5.1 Operational Excellence

  • Observability: Use AWS X-Ray for distributed tracing to visualize requests as they travel through API Gateway to Lambda to DynamoDB.
  • Structured Logging: Output logs in JSON format to CloudWatch Logs so they can be easily queried using CloudWatch Insights.
  • Metrics: Monitor key serverless metrics: Duration, Throttles, Errors, and ConcurrentExecutions.

5.2 Security

  • Identity & Access Management (IAM): Apply Least Privilege. A Lambda function should only have permission to access the specific DynamoDB table it needs, not DynamoDB:FullAccess.
  • VPC Security: Only place Lambda functions inside a VPC if they need to access private resources (like RDS). Otherwise, keep them outside for faster startup.
  • Input Validation: Validate inputs at the API Gateway level (Request Validation) to prevent malformed data from reaching the function code.

5.3 Reliability

  • Dead Letter Queues (DLQ): Configure DLQs (using SQS or SNS) for asynchronous Lambda invocations. If a function fails after retries, the event is sent to the DLQ for analysis rather than being lost.
  • Throttling: Set reserved concurrency on critical functions to ensure they always have capacity, or to protect downstream databases from being overwhelmed by Lambda scaling.

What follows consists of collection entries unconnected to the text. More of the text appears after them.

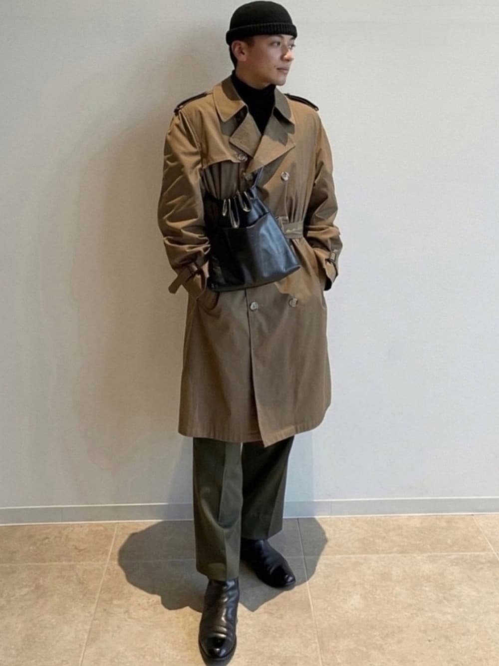 自分の趣味的に他人とはあまり被りたくない方だからほぼほぼ古着屋とかで買ったビンテージの物ばかりで商品に繋がるタグ?的なところが全くもってZOZOで買えない。。 このパンツはうちのおじいちゃんの物 筆記体でブランド読めません。 ビーニー、トレンチコート両方とも高円寺で買ったよ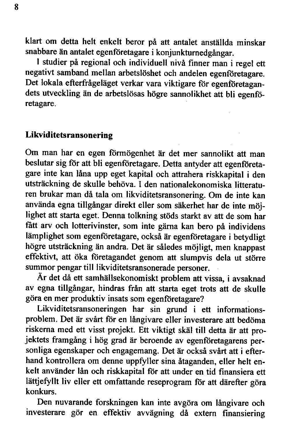 Om man har en egen förmögenhetär det mer sannolikt att man beslutarsig för att bli egenföretagareDetta. antyderatt egenföretagareinte kan låna upp egetkapital och attraherariskkapital i den utsträckningde skulle behöva.I dennationalekonomiskalitteraturen brukar man då tala om likviditetsransonering.Om de inte kan användaegnatillgångar direkt eller som säkerhetharde inte möjlighet att startaeget.Dennatolkning stöds starktav att de somhar fått arv och lotterivinster, som inte gärna kan bero på individens lämplighet somegenföretagare,ocksåär egenföretagarei betydligt högre utsträckningän andra.Det är såledesmöjligt, menknappast effektivt, att öka företagandetgenom att slumpvis dela ut större summorpengartilllikviditetsransoneradepersoner.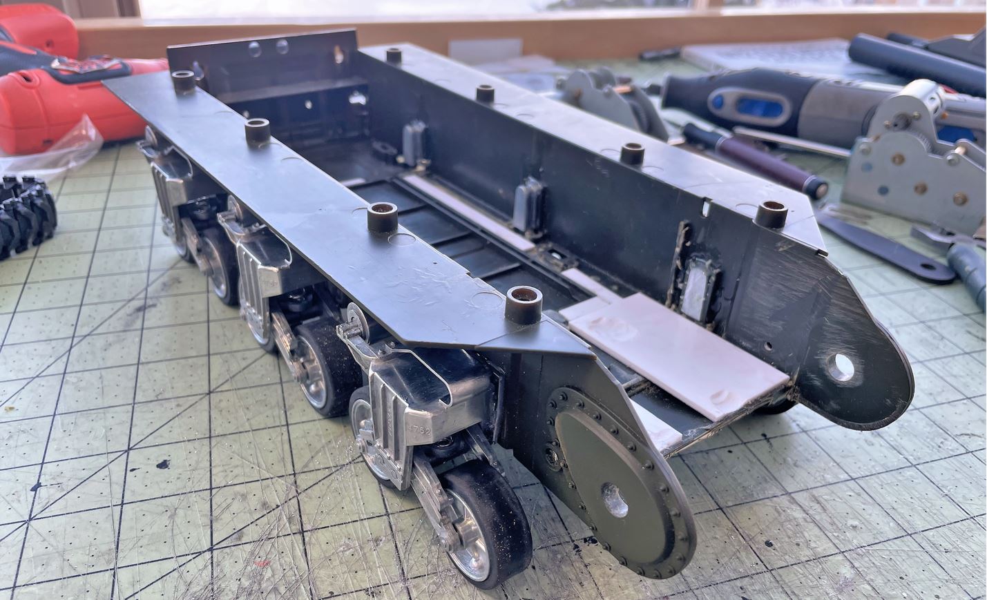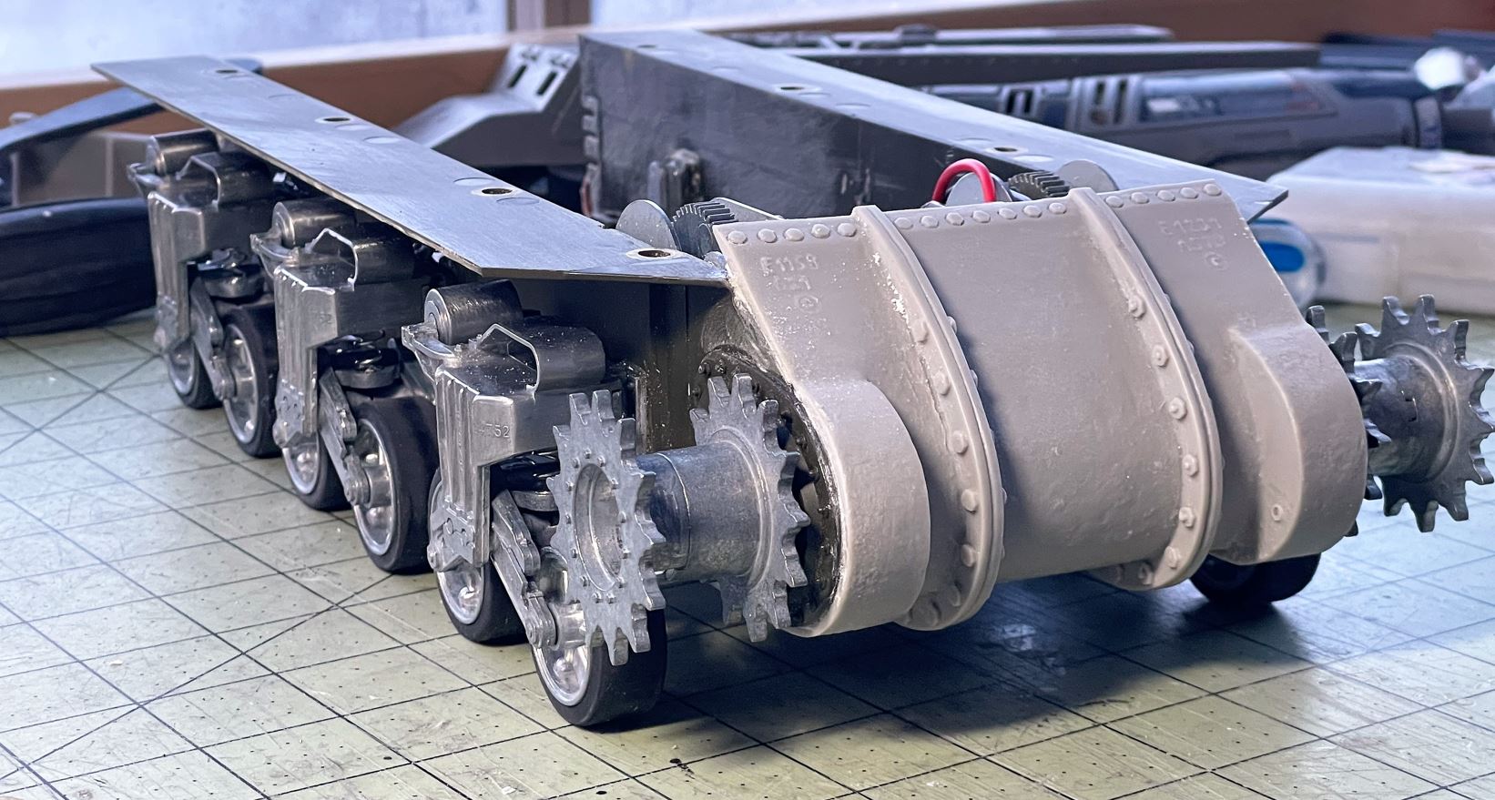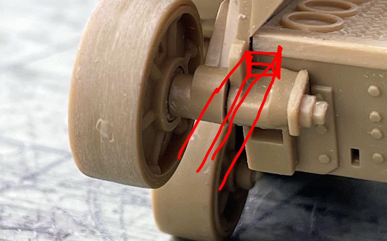 They were attached using epoxy glue as the metal attachment that locked the bogies inside the hull were not usable anymore due to the removal of the spacers on the front plate.

5.4 Performance Efficiency

  • Right-sizing: Use AWS Lambda Power Tuning (a state machine tool) to visualize the trade-off between memory configuration, cost, and execution speed.
  • Keep-Alive: For HTTP connections (e.g., to a database), reuse connections across Lambda invocations by initializing the client outside the handler function (in the static initialization block).

5.5 Cost Optimization

  • Cost Awareness: Understand that Lambda is charged by Gb-second. Faster code = cheaper code.
  • Wait Logic: Avoid using sleep() inside Lambda. You pay for "idle" time. For workflows requiring waiting, use AWS Step Functions instead of a Lambda function that sleeps.
  • Graviton2: Use ARM64 architecture (Graviton2) for Lambda functions, which often provides up to 34% better price performance compared to x86.

5.6 Sustainability

  • Optimization: Optimizing code to run faster reduces energy consumption.
  • Managed Services: Using managed services (like SNS, SQS) instead of polling code reduces unnecessary compute cycles and carbon footprint.